Hunt a Wild Hog

Head to the Land of Enchantment, with a gun

Before the barbecue

Before the barbecue via Shutterstock     Photo: FotoVeto

Hunters in Texas call it the poor-man’s grizzly for a reason. A 250-pound razorback will charge with little warning, and needs just seconds to shred human calves into matching tassles. Kill one, and you'll find yourself with 80 pounds of good eatin’—nice, lean pork, best mixed with venison and made into brats for an authentic southern cook-out. But if anyone asks, that’s not why you’re out hunting. It’s for the environment. These non-native omnivores vacuum up vegetation, small mammals, and ground-nesting birds, then wallow in the destruction, leaving pockmarked earth in their wake. Because they’re nomadic and nocturnal, it’s hard to determine just how many feral pigs there are in the U.S., but in Texas alone, an estimated population of 2.6 million wreaks $52 million in agricultural damage annually. That’s the bad news.

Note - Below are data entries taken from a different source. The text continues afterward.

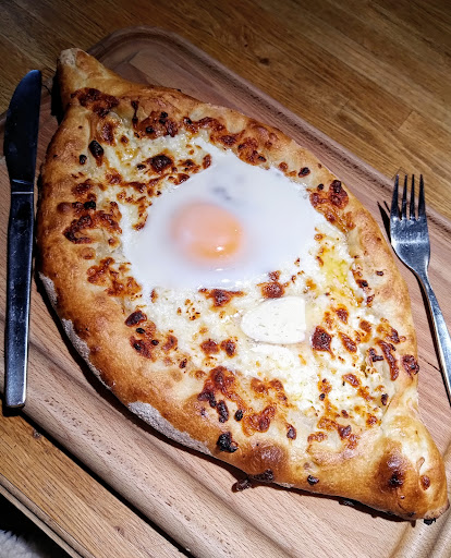 Read moreCame here just to have an adjarian khachapuri and absolutely loved it. It's definitely that type of food you get when you're very hungry and crave some comfort food. The softness of the dough was on another level and they also use sheep or goat cheese judging from it's characteristic salty taste. It can seem like a pricey dish, but it fills you up really well. We had to wait some time, around 30min, to get our order though. The place itself is quite cosy, but I didn't like at all that you need to look for the menu written on the walls, which is not really comfortable and the place inside is quite tiny for the amount of tables an seats, so you find yourself a little bit too close to other customers, which is...
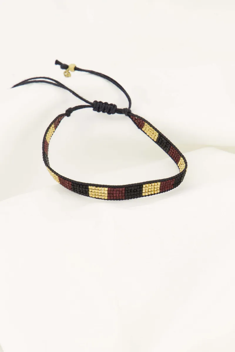 Zusss Miyuki Armbandje – Streepje Port/Goud/Zwart
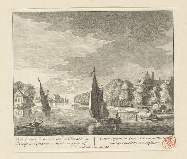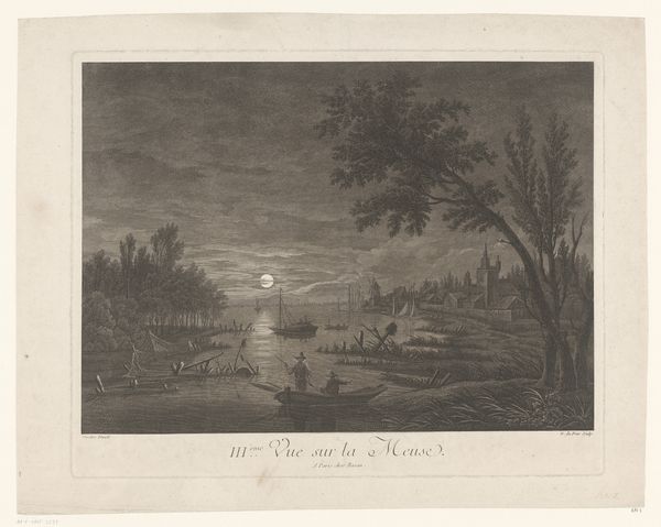 Jacques Aliamet created this print, "View of Boom on the Rupel," in the 18th century, translating a painting by Vander Neer into a widely accessible medium. The print itself becomes a social object, circulating images and ideas within the burgeoning art market of the time. The scene depicts a tranquil view of the Rupel river in Belgium, with Boom visible in the distance. Notice how the landscape is carefully composed, balancing the natural and the built environment. This aesthetic appealed to the sensibilities of the Enlightenment, reflecting a desire for order and harmony. Prints such as these helped to shape the public's perception of landscape, encouraging the appreciation of nature as a source of pleasure and civic pride. The print was made after a painting from the Cabinet of the Comte de Vence. The fact that a scene from the Count's collection would be reproduced and sold highlights the role of the aristocratic elite in setting artistic tastes. To fully understand the context of this work, one must delve into the history of printmaking, the development of landscape aesthetics, and the social structures that supported artistic production in 18th-century Europe.

The good news is that in most southern states there are few or no restrictions on hunting the beasts. There’s no bag limit, no season, and in New Mexico, you don’t even need a hunting license. That’s the first reason to head to the 47th state in our union. The second reason is Richard Burton, a New Mexico state wildlife specialist. Call and he’ll go off on the best locations for hunting, and maybe even contact a few private land-holders for you.

To do it right: Burton says head to the higher elevations in the Capitan Mountains and look for hogs on East-facing mountain slopes in the early morning or late afternoon, when they're most active. Drive in on the BLM road until you see the signs: pinyon pines tilled at the base, smashed underbrush, and muddy rubs around wallows. Since hogs don’t sweat, they have to have water nearby, so follow rivers and check around pools. Bring a good skinning knife, thick clothes for tramping through undergrowth, a hog-caller, and dogs. You’ll also need at least a 30-calibre. If this is your first time, visit the guys at WildHogHunters.com for tips—unless you’re OK with getting treed.